The Hungarian State continues to use all available criminal and administrative law instruments against gambling organizers who illegally engage in such activities without a valid license and thus cause a significant loss of revenue to the Hungarian budget. In this context, taking into account the judgments of the European Court of Justice, the unlawfulness of the Internet content making illegal gambling organization continues and the proposal to block financial payments and payments related to illegal gambling is being prepared.
There’s a whole lot of demonization of the online sector going on in those two paragraphs, but once you’ve worked through the Google-mashing, it’s clear that Hungary is flying the bird in the general direction of Brussels. The Sporting Odds Ltd. site? It will continue to be blocked. And additional blocking mechanism designed to cripple any backdoor, third-party payment processing will also be deployed.
Sporting Odds Ltd., doesn’t appear to be a major player, but that’s hardly the point.

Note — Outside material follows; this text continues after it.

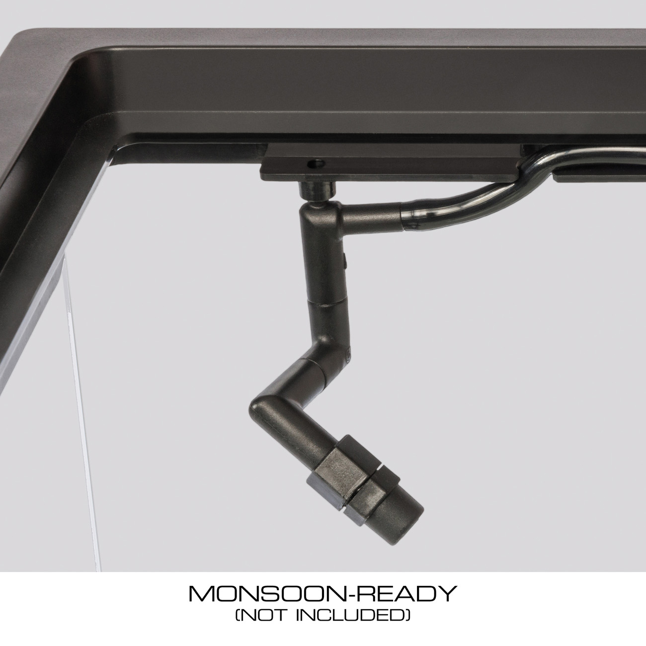 On top, at the back of the terrarium, there are multiple self-closing inlets for wires or tubing. Inside, gutters have been thoughtfully included for effective tubing management, and the specific attachment points for nozzles, facilitate the setup of an automatic misting system.

It’s registered in London, and some of its online linkage suggests a relationship with Sportingbet (and thus on to GVC), but we can’t say that for sure. What the company is, however, is the sort of smaller operation that is most likely to find complaints about unfair trade practices falling on deaf ears.
Online gambling faces increasing roadblocks and hurdles being erected by governments across Europe. Larger online operators are well positioned to adapt into what’s coming — an increasingly (and to an extent, artifically) regulated quiltwork of gambling regimes spread across to the EU. For this sector of trade, of course, the EU need no longer exist. And all that looming infrastructure will fall heaviest on the startups and smaller operators.